Stored data:
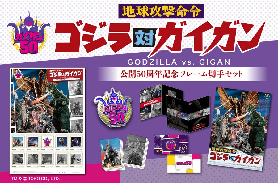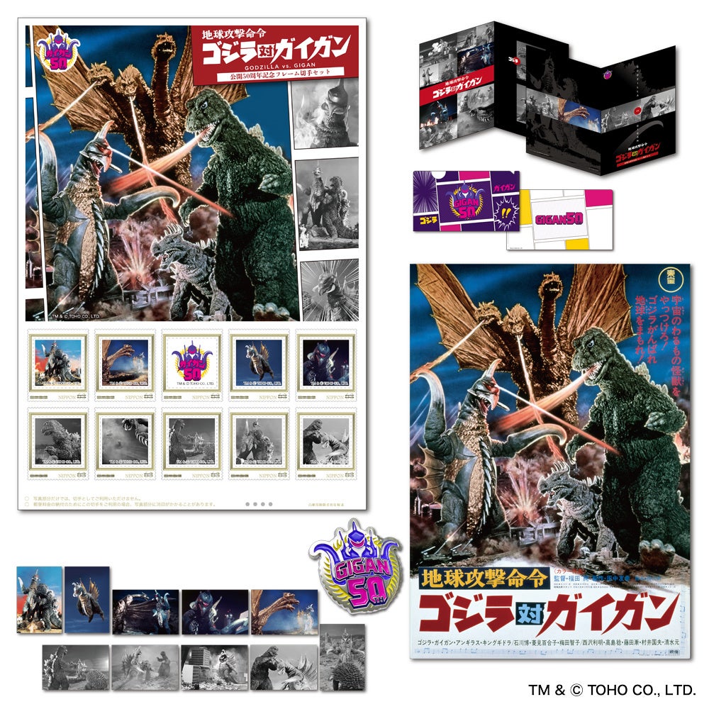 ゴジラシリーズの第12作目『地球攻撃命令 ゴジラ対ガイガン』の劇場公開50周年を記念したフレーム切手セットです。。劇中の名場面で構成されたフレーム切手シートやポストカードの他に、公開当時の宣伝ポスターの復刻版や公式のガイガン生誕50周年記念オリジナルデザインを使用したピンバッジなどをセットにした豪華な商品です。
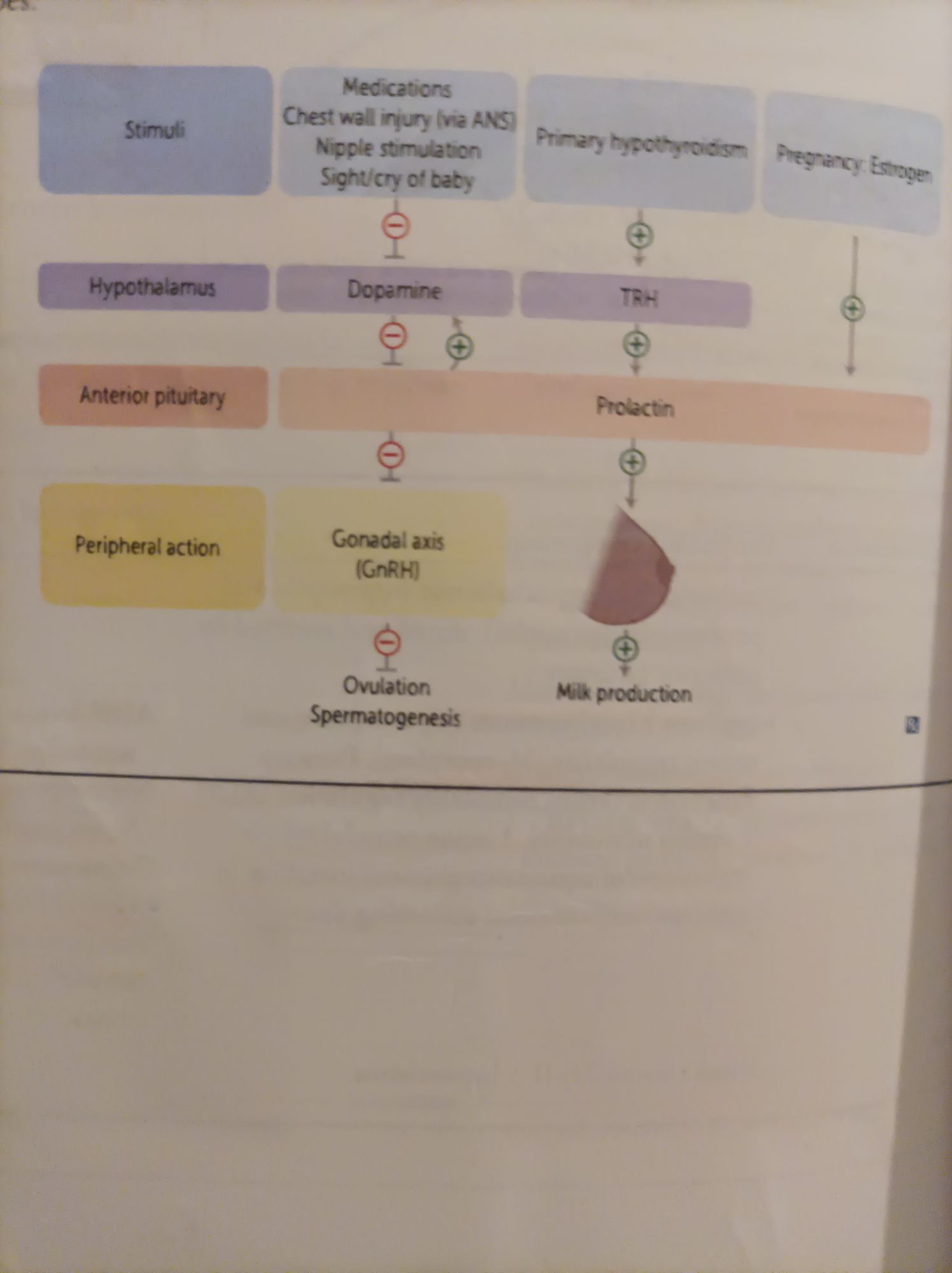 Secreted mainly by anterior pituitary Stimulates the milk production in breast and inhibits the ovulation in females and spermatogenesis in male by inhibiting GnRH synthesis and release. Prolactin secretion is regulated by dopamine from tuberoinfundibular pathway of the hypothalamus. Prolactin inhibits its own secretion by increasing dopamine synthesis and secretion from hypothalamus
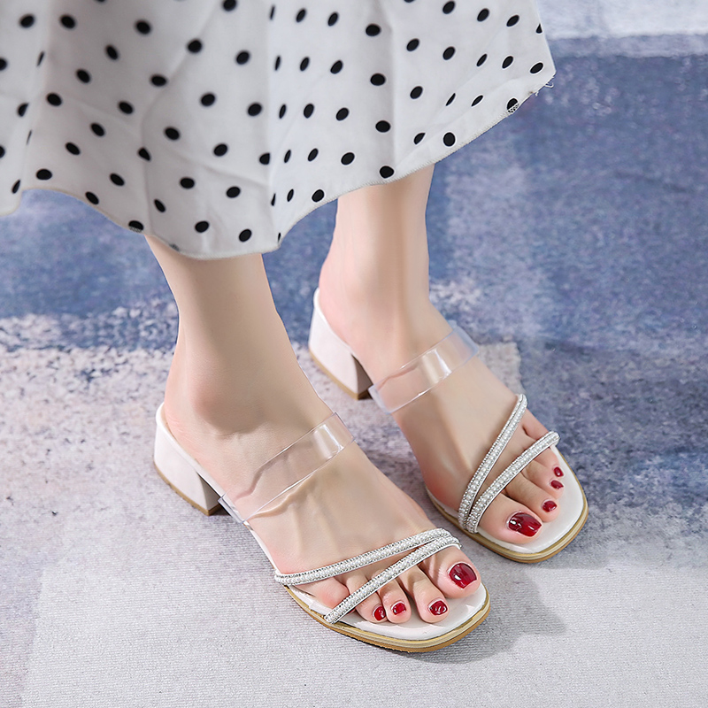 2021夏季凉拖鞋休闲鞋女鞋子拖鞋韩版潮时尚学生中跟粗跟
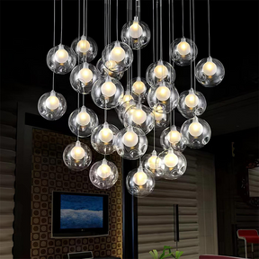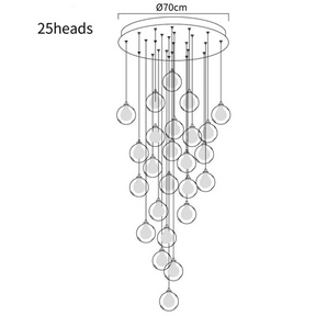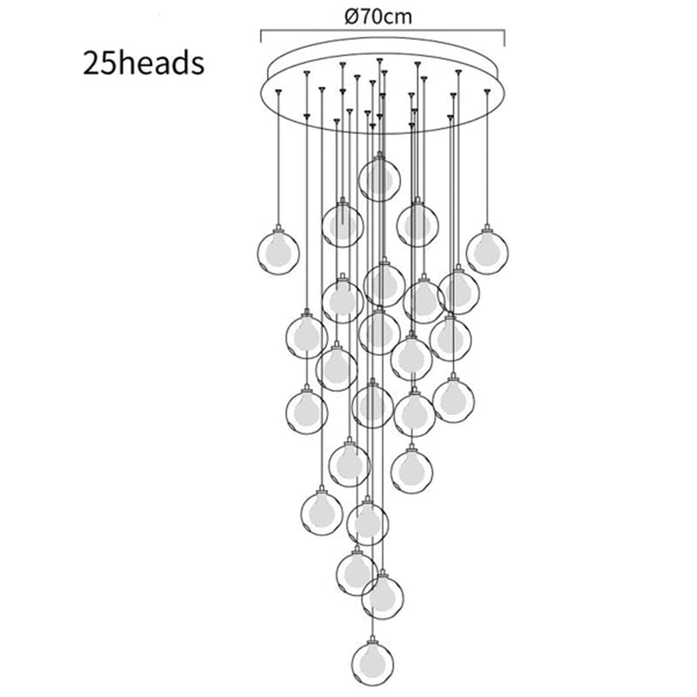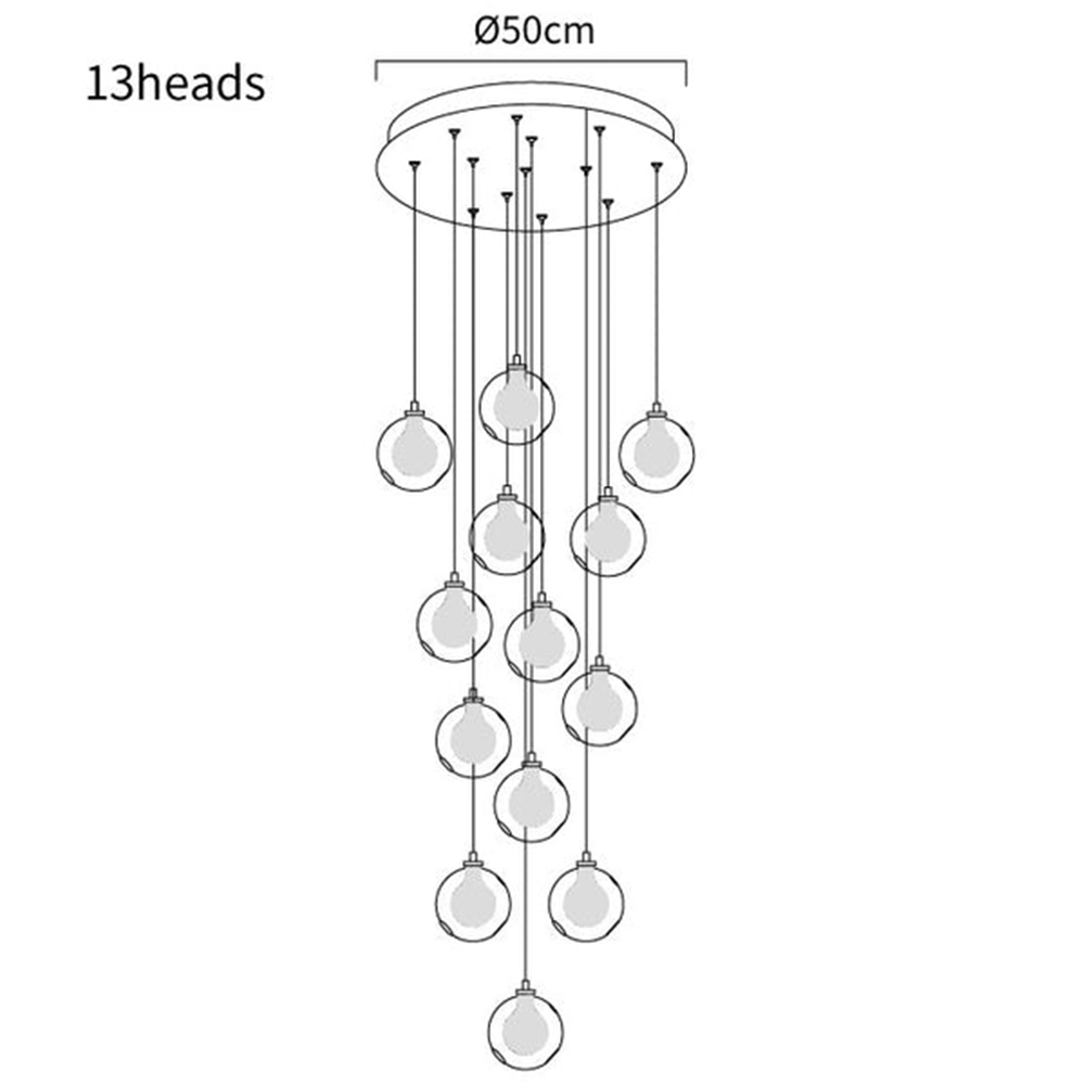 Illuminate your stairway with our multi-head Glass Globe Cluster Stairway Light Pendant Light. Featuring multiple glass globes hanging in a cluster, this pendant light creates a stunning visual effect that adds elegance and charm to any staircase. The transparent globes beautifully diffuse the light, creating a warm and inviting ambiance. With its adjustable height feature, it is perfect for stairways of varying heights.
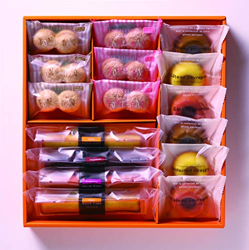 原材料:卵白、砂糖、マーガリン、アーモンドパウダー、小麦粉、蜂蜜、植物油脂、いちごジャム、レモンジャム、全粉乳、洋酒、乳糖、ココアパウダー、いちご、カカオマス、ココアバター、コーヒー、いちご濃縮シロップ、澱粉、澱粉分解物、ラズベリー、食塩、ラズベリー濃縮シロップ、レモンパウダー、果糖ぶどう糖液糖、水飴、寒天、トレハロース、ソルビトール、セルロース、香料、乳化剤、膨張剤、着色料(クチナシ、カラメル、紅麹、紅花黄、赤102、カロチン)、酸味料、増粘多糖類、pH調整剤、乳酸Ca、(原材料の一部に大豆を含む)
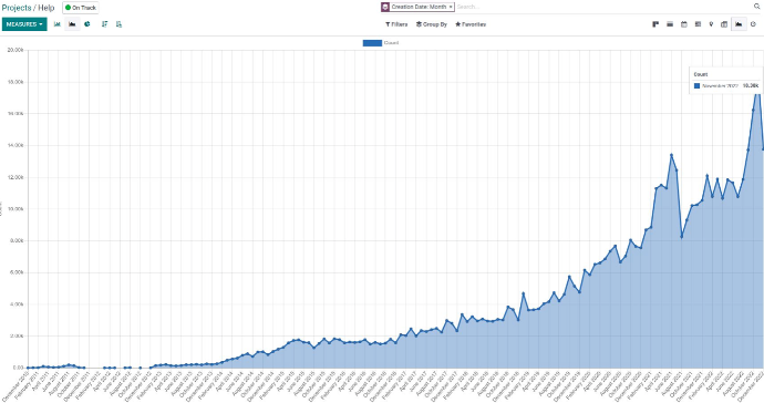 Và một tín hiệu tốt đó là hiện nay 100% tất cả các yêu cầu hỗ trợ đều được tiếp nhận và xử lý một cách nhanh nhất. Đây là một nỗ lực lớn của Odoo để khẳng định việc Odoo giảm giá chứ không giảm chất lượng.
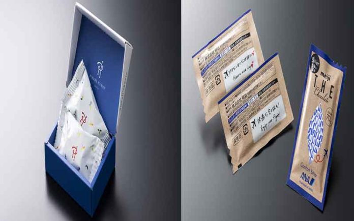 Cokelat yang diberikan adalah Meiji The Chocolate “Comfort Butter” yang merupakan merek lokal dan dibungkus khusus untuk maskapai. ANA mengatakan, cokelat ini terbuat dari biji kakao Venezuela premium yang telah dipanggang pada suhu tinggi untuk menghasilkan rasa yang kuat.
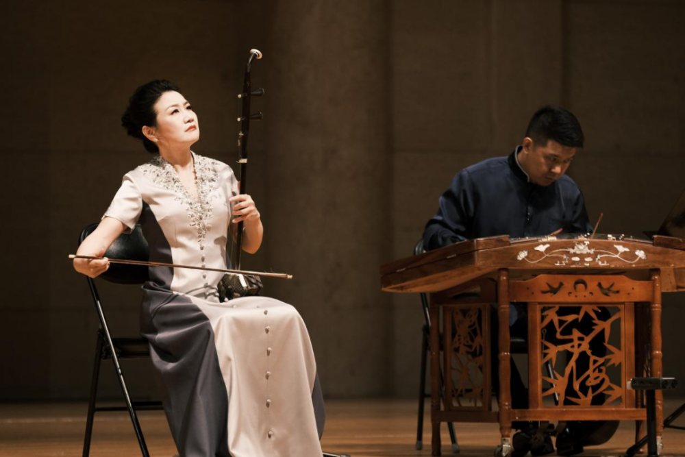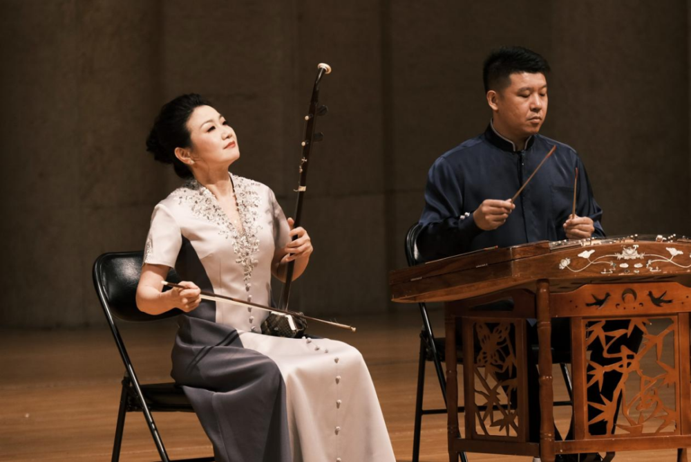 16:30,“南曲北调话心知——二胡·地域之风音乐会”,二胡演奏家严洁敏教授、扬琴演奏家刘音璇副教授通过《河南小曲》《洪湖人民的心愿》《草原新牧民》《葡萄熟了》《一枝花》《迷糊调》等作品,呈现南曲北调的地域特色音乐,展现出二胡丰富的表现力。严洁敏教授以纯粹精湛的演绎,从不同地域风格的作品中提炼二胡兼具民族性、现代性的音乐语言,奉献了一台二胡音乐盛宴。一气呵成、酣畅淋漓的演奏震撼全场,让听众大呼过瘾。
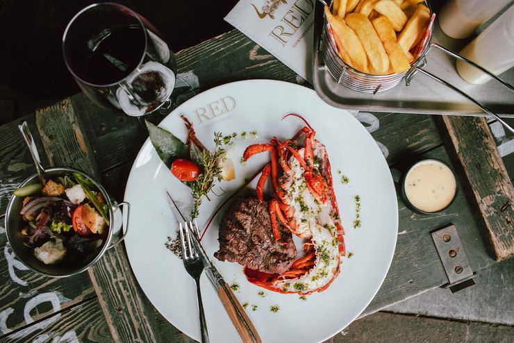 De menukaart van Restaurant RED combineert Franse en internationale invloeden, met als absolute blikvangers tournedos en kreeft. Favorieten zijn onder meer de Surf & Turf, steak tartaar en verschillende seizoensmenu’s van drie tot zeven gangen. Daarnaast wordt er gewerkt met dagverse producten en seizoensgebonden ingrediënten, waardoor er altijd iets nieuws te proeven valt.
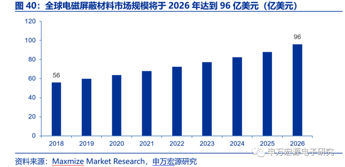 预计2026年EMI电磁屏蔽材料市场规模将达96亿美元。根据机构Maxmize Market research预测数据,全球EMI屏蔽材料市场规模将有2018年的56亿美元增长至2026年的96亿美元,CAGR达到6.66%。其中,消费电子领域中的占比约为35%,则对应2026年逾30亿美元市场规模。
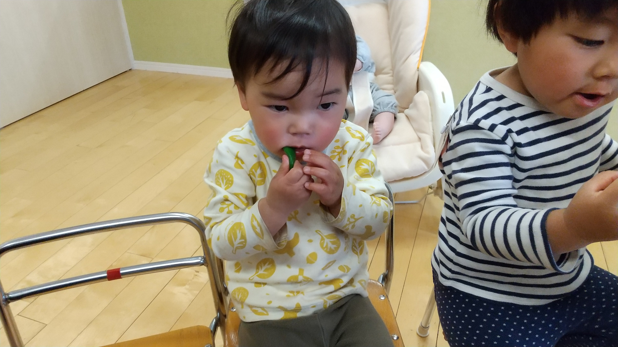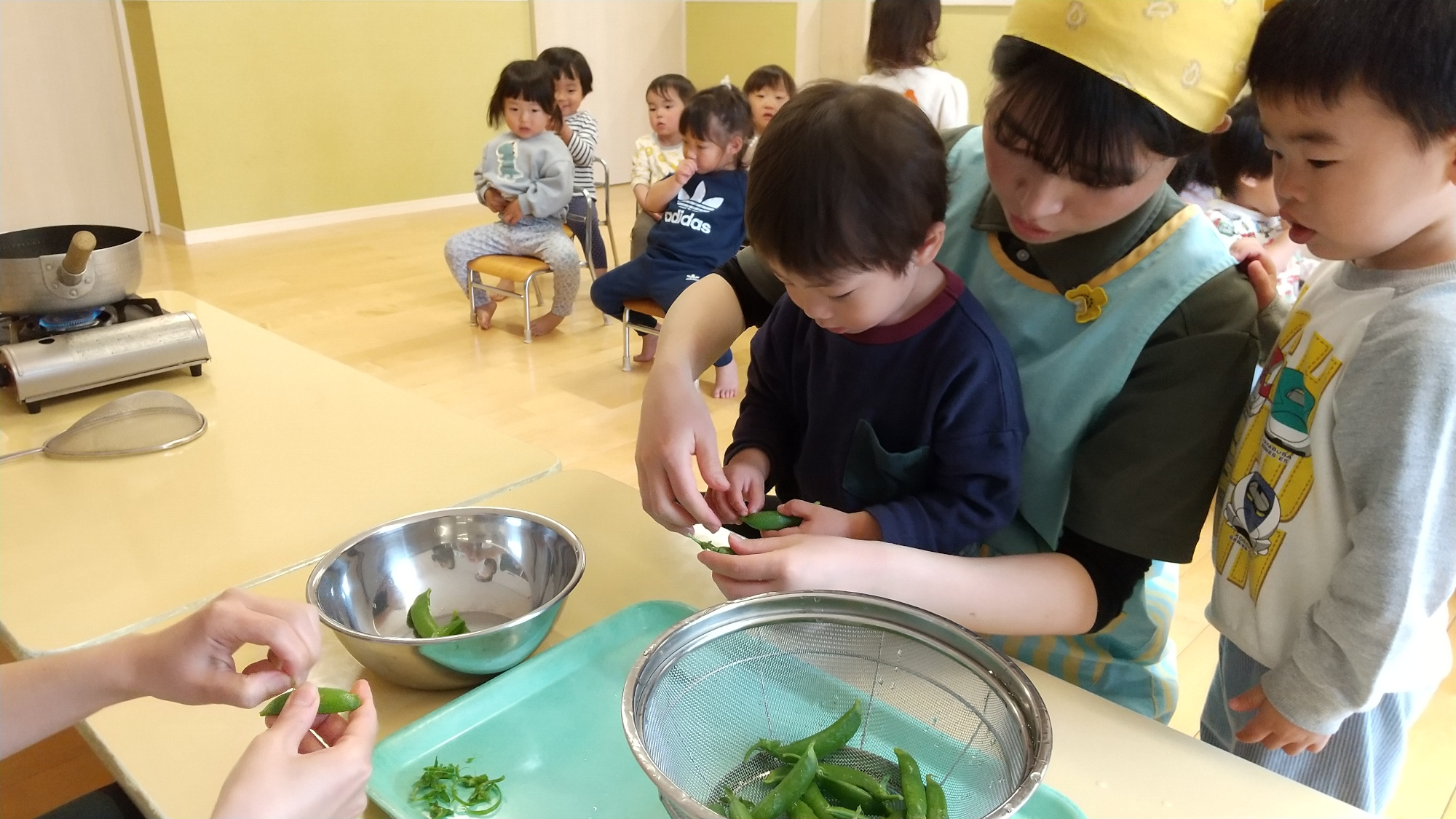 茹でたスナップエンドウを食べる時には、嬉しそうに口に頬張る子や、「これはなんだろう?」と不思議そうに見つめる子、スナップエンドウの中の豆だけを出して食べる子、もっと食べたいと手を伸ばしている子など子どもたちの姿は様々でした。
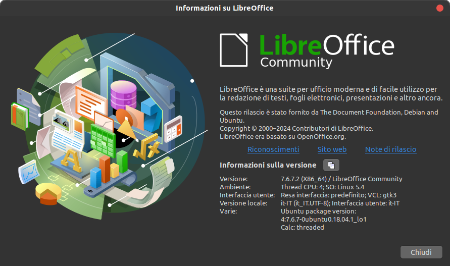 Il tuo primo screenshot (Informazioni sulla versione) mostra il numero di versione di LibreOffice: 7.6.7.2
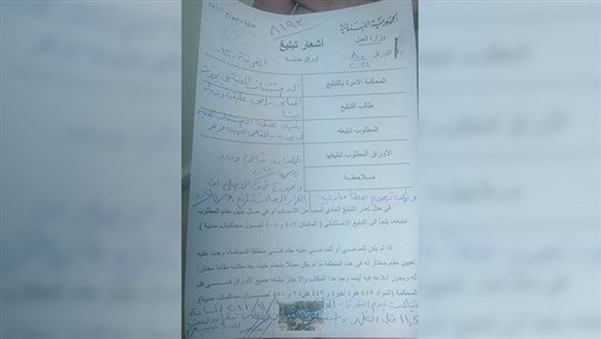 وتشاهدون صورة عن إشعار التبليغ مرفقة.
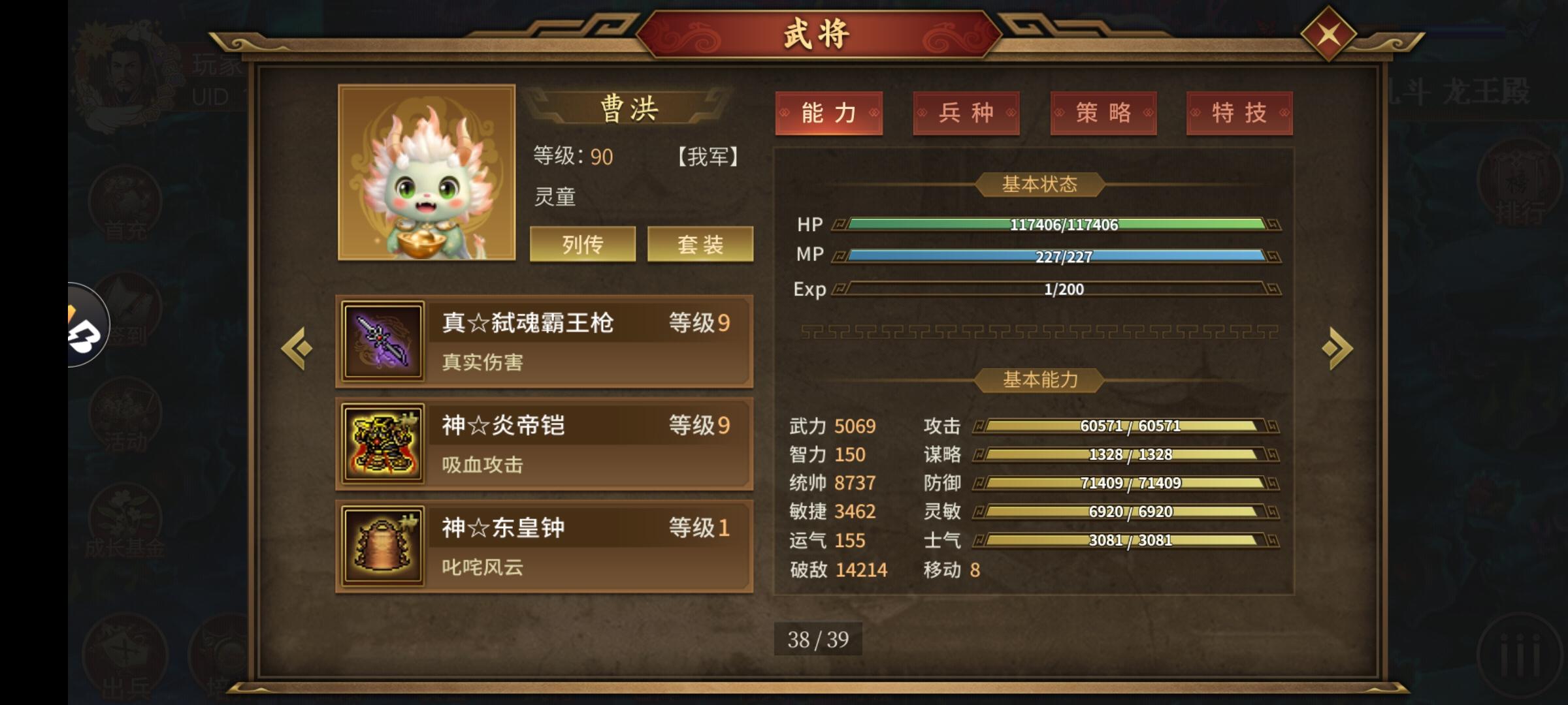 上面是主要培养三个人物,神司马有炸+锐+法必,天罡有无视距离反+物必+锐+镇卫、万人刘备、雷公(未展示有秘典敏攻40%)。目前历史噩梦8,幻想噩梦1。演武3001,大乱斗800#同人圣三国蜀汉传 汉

Required action: All that should be printed is the run of lines above from the one with "Secreted mainly by" through the one with "Cokelat yang diberikan", both included, exactly as given, with pictures left out.

Answer to the problem:
 Secreted mainly by anterior pituitary Stimulates the milk production in breast and inhibits the ovulation in females and spermatogenesis in male by inhibiting GnRH synthesis and release. Prolactin secretion is regulated by dopamine from tuberoinfundibular pathway of the hypothalamus. Prolactin inhibits its own secretion by increasing dopamine synthesis and secretion from hypothalamus
 2021夏季凉拖鞋休闲鞋女鞋子拖鞋韩版潮时尚学生中跟粗跟
 Illuminate your stairway with our multi-head Glass Globe Cluster Stairway Light Pendant Light. Featuring multiple glass globes hanging in a cluster, this pendant light creates a stunning visual effect that adds elegance and charm to any staircase. The transparent globes beautifully diffuse the light, creating a warm and inviting ambiance. With its adjustable height feature, it is perfect for stairways of varying heights.
 原材料:卵白、砂糖、マーガリン、アーモンドパウダー、小麦粉、蜂蜜、植物油脂、いちごジャム、レモンジャム、全粉乳、洋酒、乳糖、ココアパウダー、いちご、カカオマス、ココアバター、コーヒー、いちご濃縮シロップ、澱粉、澱粉分解物、ラズベリー、食塩、ラズベリー濃縮シロップ、レモンパウダー、果糖ぶどう糖液糖、水飴、寒天、トレハロース、ソルビトール、セルロース、香料、乳化剤、膨張剤、着色料(クチナシ、カラメル、紅麹、紅花黄、赤102、カロチン)、酸味料、増粘多糖類、pH調整剤、乳酸Ca、(原材料の一部に大豆を含む)
 Và một tín hiệu tốt đó là hiện nay 100% tất cả các yêu cầu hỗ trợ đều được tiếp nhận và xử lý một cách nhanh nhất. Đây là một nỗ lực lớn của Odoo để khẳng định việc Odoo giảm giá chứ không giảm chất lượng.
 Cokelat yang diberikan adalah Meiji The Chocolate “Comfort Butter” yang merupakan merek lokal dan dibungkus khusus untuk maskapai. ANA mengatakan, cokelat ini terbuat dari biji kakao Venezuela premium yang telah dipanggang pada suhu tinggi untuk menghasilkan rasa yang kuat.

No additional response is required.